Scalable single-cell profiling of chromatin modifications with sciCUT&Tag

Affiliations
Review

Scalable single-cell profiling of chromatin modifications with sciCUT&Tag

Derek H Janssens et al. Nat Protoc. 2024 Jan.

Abstract

Cleavage under targets and tagmentation (CUT&Tag) is an antibody-directed in situ chromatin profiling strategy that is rapidly replacing immune precipitation-based methods, such as chromatin immunoprecipitation-sequencing. The efficiency of the method enables chromatin profiling in single cells but is limited by the numbers of cells that can be profiled. Here, we describe a combinatorial barcoding strategy for CUT&Tag that harnesses a nanowell dispenser for simple, high-resolution, high-throughput, single-cell chromatin profiling.
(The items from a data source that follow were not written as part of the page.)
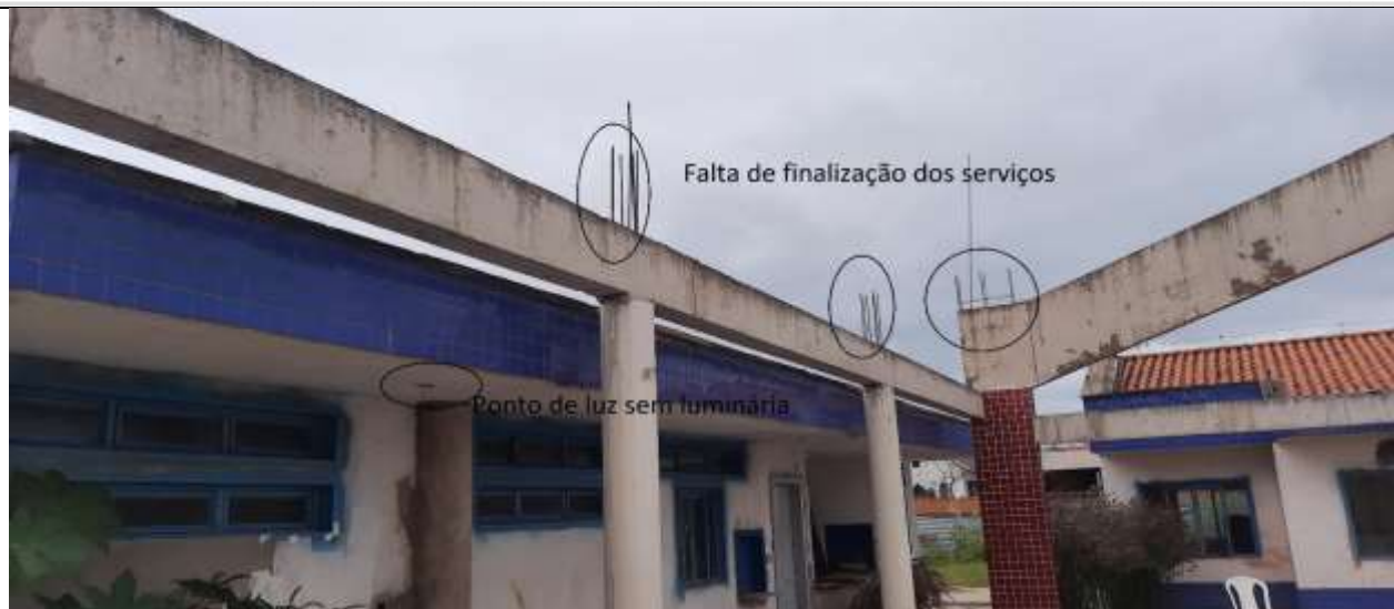
Figura 11 - Falta de acabamento no pátio coberto e ponto de luz sem luminária.
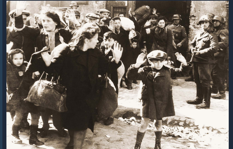
1943. Tropas alemanas acorralan a judíos después del levantamiento en los guetos de Varsovia, Polonia.
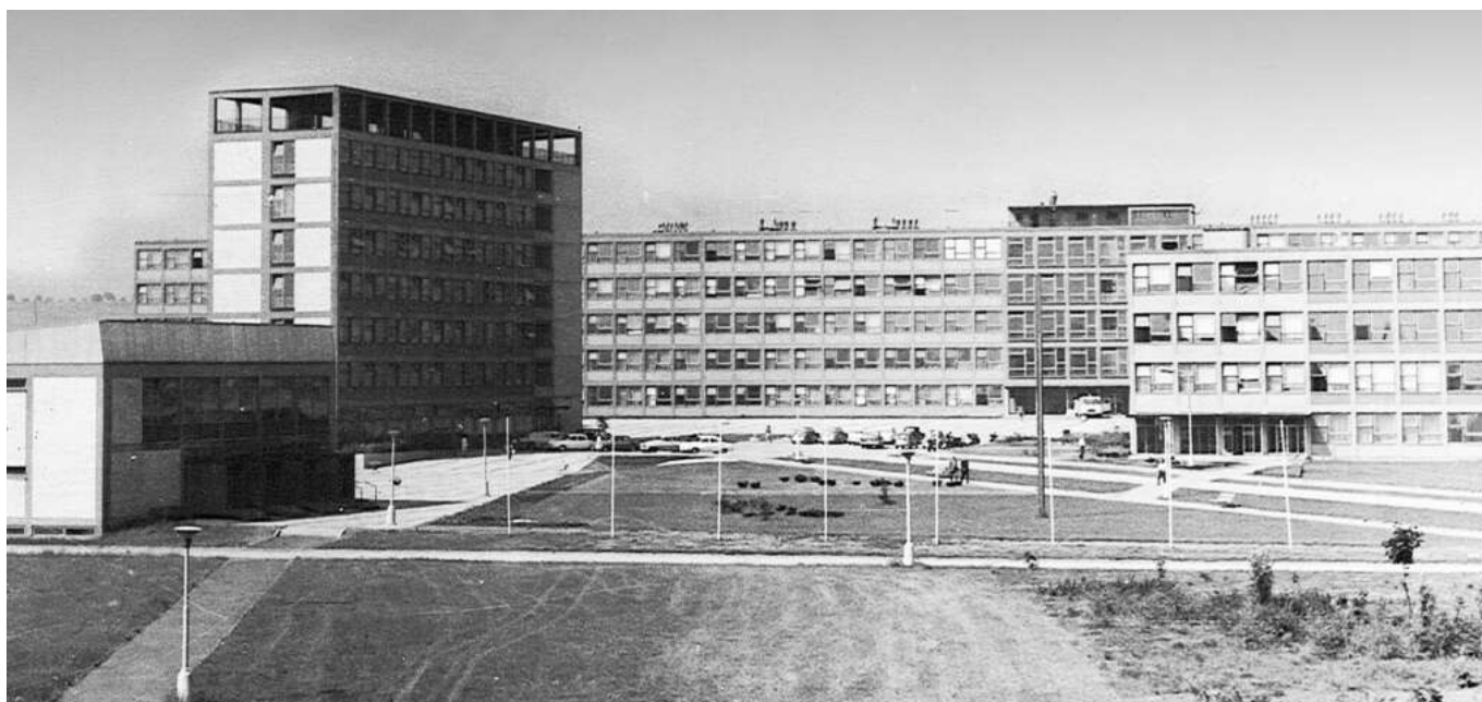
Areál ČZU v době výstavby (1965)
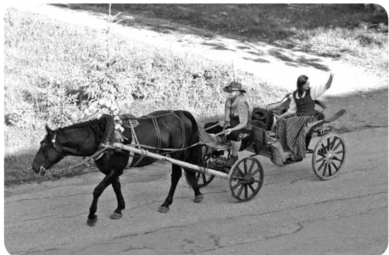
Rīta modinātājs – rikšotājs ar „dīpadu - dīpadu” pieskandināja Ļaudonas ielas.
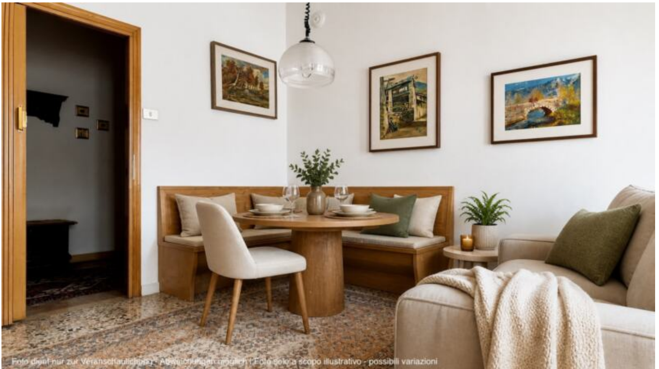
Foto dient nur zur Veranschaulichung - Abweichungen möglich | Foto solo a scopo illustrativo - possibili variazioni
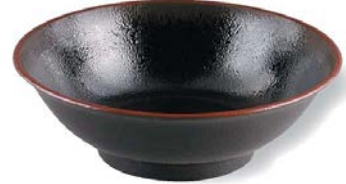
7-229-6 (10421830) ¥2,400 黒天目 ■TA
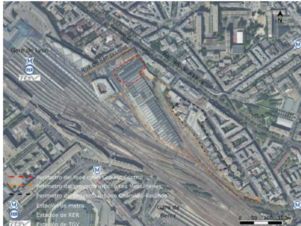
Ilustración 2: el contexto urbano del food court Ground Control en 2018 42 Realización: J. Haquet.

Este sitio de la SNCF, dedicado a la logística ferroviaria desde 1867, ocupa seis hectáreas y ha sido objeto de una reducción gradual de sus actividades desde 2015. 43 El proyecto urbanístico asociado puede dividirse en tres fases: una fase preoperativa que consiste, en particular, en hacer legal la constitución de una primera urbanización en la parte sur de 2013 a 2019 y en poner en marcha la apropiación del sitio con la apertura de un food court, desde 2017, en la parte norte; una primera fase operativa iniciada en 2016, que debería extenderse hasta 2026; y una segunda fase que se supone comenzará en 2022 y podría llegar hasta 2030. 44 Ahora, preguntémosnos cómo encajan los food courts en estos proyectos urbanos.
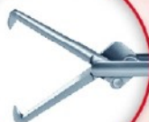
PINZAS DE AGARRE PARA EXTRACCION DE PIEDRAS

DESMTABLE ESTÁNDAR - DESMTABLE CON CANAL DE LIMPIEZA

In this single-cell combinatorial indexing CUT&Tag (sciCUT&Tag) protocol, lightly cross-linked nuclei are bound to magnetic beads and incubated with primary and secondary antibodies in bulk and then arrayed in a 96-well plate for a first round of cellular indexing by antibody-directed Tn5 tagmentation. The sample is then repooled, mixed and arrayed across 5,184 nanowells at a density of 12-24 nuclei per well for a second round of cellular indexing during PCR amplification of the sequencing-ready library. This protocol can be completed in 1.5 days by a research technician, and we illustrate the optimized protocol by profiling histone modifications associated with developmental gene repression (H3K27me3) as well as transcriptional activation (H3K4me1-2-3) in human peripheral blood mononuclear cells and use single-nucleotide polymorphisms to facilitate collision removal. We have also used sciCUT&Tag for simultaneous profiling of multiple chromatin epitopes in single cells. The reduced cost, improved resolution and scalability of sciCUT&Tag make it an attractive platform to profile chromatin features in single cells.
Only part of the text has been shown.